Continuamos a conversa sobre o Marco Regulatório das Organizações da Sociedade Civil para ordenar a capacidade de gestão das organizações sociais.
Veja a primeira parte dessa discussão: Gestão Sustentável | parte 1
Gestão nas organizações do Terceiro Setor: prioridade para a Sustentabilidade
Outra questão que encontro constantemente nas organizações é a preocupação em elaborar projetos para o desenvolvimento de programas específicos – construir um muro ou reformar o espaço, adquirir instrumentos musicais ou carteiras para os alunos, por exemplo.
A grande maioria se esquece, porém, que podemos elaborar projetos para outras finalidades – projetos para captar recursos de pessoas para garantir a operacionalização da organização (pagamentos de funcionários, água, luz, etc), projetos para captar recursos destinados ao desenvolvimento institucional e o que considero o mais importante – projetos para garantir a sustentabilidade institucional e organizacional a longo prazo. Este, de acordo com os meus levantamentos, o que mais buscam os gestores e onde menos se aplica.
Ou seja, para cada fonte, destinação e projetos específicos. Simples assim, mas complicado de se colocar em prática pois poucas organizações do Terceiro Setor adotam práticas de planejamento e ferramentas de gestão.
Sei que a grita das médias – e principalmente as pequenas organizações da sociedade vai ser grande quando o Marco Regulatório for aprovado e colocado em prática, mas se faz necessário a criação de mecanismos de controle que propiciem mais transparência e credibilidade a utilização de recursos públicos – e tenho certeza de que, com o tempo, os financiadores privados adotarão as mesmas regras.
É preciso, desde já, que as organizações comecem a quebrar paradigmas e comecem processos de qualificação de seus gestores e dos profissionais que atuam ou prestam serviços a elas. Hoje temos vários caminhos para isto, podendo as organizações se utilizarem melhor da internet e das mídias sociais, diversificar as suas fontes de financiamento, lembrar e focar no potencial que existe nos doadores individuais – veja artigo no site da ABCR, ter relações mais transparentes, éticas e estáveis com as fontes públicas e implantarem projetos e programas para fortalecer os mecanismos de sustentabilidade como os fundos patrimoniais.
A mobilização de recursos está diretamente ligada à identidade, à significatividade, ao desenvolvimento e à sustentabilidade institucional.

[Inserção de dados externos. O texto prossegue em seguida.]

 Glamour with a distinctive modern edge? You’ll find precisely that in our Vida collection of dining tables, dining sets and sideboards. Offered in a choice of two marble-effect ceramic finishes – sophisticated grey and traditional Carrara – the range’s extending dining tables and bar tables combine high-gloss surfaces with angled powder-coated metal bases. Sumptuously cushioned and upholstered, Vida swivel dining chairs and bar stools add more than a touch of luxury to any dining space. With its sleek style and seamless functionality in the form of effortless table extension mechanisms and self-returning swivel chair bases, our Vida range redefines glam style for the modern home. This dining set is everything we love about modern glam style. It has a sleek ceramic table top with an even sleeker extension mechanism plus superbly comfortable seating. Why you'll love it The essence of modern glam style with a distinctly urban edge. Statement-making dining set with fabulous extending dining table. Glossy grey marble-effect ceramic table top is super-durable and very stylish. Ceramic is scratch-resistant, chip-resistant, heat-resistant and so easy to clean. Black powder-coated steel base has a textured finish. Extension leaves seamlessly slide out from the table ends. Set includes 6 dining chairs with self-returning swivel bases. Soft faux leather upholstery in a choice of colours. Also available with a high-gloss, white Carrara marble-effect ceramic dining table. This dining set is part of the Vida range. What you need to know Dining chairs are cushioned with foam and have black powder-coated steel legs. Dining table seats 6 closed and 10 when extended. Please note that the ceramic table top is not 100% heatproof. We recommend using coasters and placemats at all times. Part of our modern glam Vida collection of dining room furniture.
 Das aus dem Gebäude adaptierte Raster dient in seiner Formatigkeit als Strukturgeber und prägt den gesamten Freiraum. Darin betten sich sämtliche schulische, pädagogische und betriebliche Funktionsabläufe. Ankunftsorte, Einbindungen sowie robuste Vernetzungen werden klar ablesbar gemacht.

Outros pontos no projeto do Marco Regulatório passam ainda, de forma necessária, pela estruturação de gestão interna das organizações, como a criação de tipos de parcerias específicos a serem celebrados entre as organizações da sociedade civil e o Estado, como o termo de colaboração – destinado às propostas vindas do poder público e o termo de fomento, a ser aplicado em projetos de livre iniciativa das organizações, além da obrigatoriedade de auditoria externa e a chance de atuação em rede.
De acordo com reportagem da Folha de São Paulo, há também pontos não inseridos na proposta além da contextualização geral do projeto. Segundo Andre Degenszajn, secretário-geral do GIFE (Grupo de Institutos, Fundações e Empresas):
“O foco do projeto de lei está na contratualização, mas não dá conta de tudo. Quase não aborda a comprovação de resultados, por exemplo. Ele tem uma abordagem extremamente formalista, administrativo-burocrática. Precisa ser aprovado, sim, mas não resolve todas as questões.”
A advogada especializada em terceiro setor e membro da Rede Interamericana de Direito das Organizações da Sociedade Civil, Paula Storto, afirma que o projeto de lei é um avanço, mas também defende a continuidade do debate.
“Organizações sociais sérias têm o direito de ser financiadas pelo Estado. O marco legal atende necessidades das organizações, da sociedade civil e da administração pública e traz mais segurança jurídica a essas parcerias, mas poderia ter ido além. Ele facilita as relações com organizações prestadoras de serviço, mas o mesmo não ocorre com ONGs que pensam a participação social, que tentam trazer novas tecnologias sociais, como no passado ocorreu com a Pastoral da Criança e a disseminação do soro caseiro.”
Merula Steagall, presidente da Abrale (Associação Brasileira de Linfoma e Leucemia) e da Abrasta (Associação Brasileira de Talassemia), vencedora do Prêmio Empreendedor Social 2013, concorda com as ressalvas.
“Mesmo quando temos uma lei, temos pouco poder de assegurar a sua implementação. Pela nossa experiência, hoje é muito difícil qualquer tentativa de parceria séria sair do papel. A burocracia acaba impedindo projetos que possam ser úteis à sociedade.”